Mattress sales spike with installment financing
Leesa, a luxury mattress ecommerce firm, is a leader in the bed-in-a-box movement that has convinced consumers to buy beds online without first laying on them. But costing $1,000 apiece, buying a mattress outright is out of reach for some, especially younger consumers who are more likely to consider purchasing a mattress online.
It’s why Leesa partners with Affirm to offer installment financing. The company says that offering installments, especially to millennials, can be the deciding factor that determines whether a sale is made.
“Payments at the POS is now a customer acquisition tool for us,” says Matt Hayes, a founding team member at Leesa and the company’s head of marketing. “Many people aspire to own one of our beds, but may be hesitant to pay $1,000 upfront.”
The company says Affirm allows its customers to buy beds they otherwise might not and pay over time. Importantly, Leesa says customers can see exactly how much they’ll be required to pay each installment prior to purchase.
In an A/B split test, Leesa says Affirm drove sales and influenced the consumer’s decision to purchase. When Leesa offered installment financing to customers, the company says it achieved the following results:
An 8.3% increase in conversions
An 8.7% increase in revenue per visitor
A 4.5% increase in likelihood to add a mattress to the cart
“You can’t argue with stats when you’re running a controlled A/B test,” Hayes says. “We considered other options, like white-label offers from institutions that work with large companies. When it came down to it, the speed to market Affirm offers only sweetened our cost/benefit analysis.”

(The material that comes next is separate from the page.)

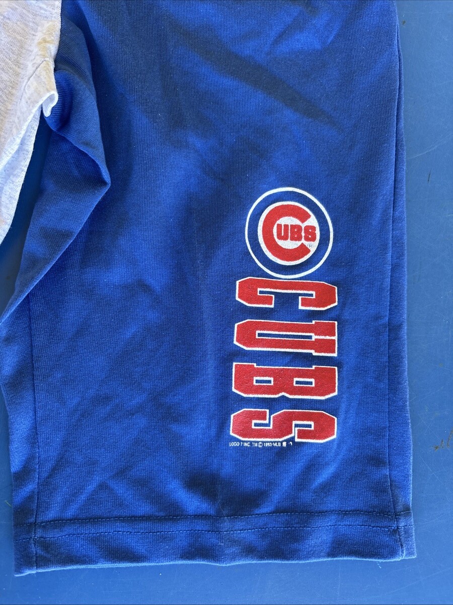 The product is a vintage pair of 1990s Chicago Cubs sweat shorts in youth size XL, featuring the official MLB team logo by Logo 7. The shorts are in a blue color and are gender-specific for boys who are fans of baseball and the Chicago Cubs team. These officially licensed sports apparel is a unique and nostalgic addition to any young fan's collection, perfect for showing support for the team both on and off the field.

The future of buy now pay later
Buy now pay later isn’t new, it has just moved online. The data supports that offering installment financing increases sales. But interest and fees still apply, even if they are disclosed more transparently or less expensive than other forms of credit.

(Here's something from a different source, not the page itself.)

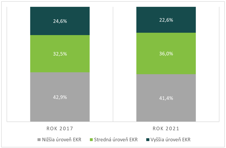 Počas uplynulých piatich rokov, t. j. medzi rokmi 2017 a 2021, najvýraznejšia zmena v štruktúre sektorovo špecifických zamestnancov nastala na strednej úrovni EKR, kde prišlo k zvýšeniu podielu sektorovo špecifických zamestnancov o cca 3,5 p. b. Na druhej strane, podiel zamestnancov s vyššou úrovňou EKR sa znížil o 2 p. b.

Competition in the space is intensifying. Point-of-sale (POS) installment offerings will expedite the decision-making process that determines whether consumers qualify for credit in brick-and-mortar stores just as it has online. If installment options become ubiquitous, they’re less likely to give retailers an edge within their industry. It may also cause millennials, who are wary of taking on credit card debt, to overuse credit and become more indebted.
Brands offering installment options must remain sober in their approach. Despite sincere intentions, customers who fall behind on payments can wind up with blows to their credit score. Ultimately, this may reduce their lifetime value and result in little more than temporarily pulling sales forward. There’s also brand integrity risk if customers who miss payments see the retailer as complicit in their crippling debt ordeal.
Risk aside, making it easier and more affordable to checkout is lifting retail sales. Especially for consumers low on cash following a holiday binge, installment financing offers a way for both the consumer and retailer to get what they want.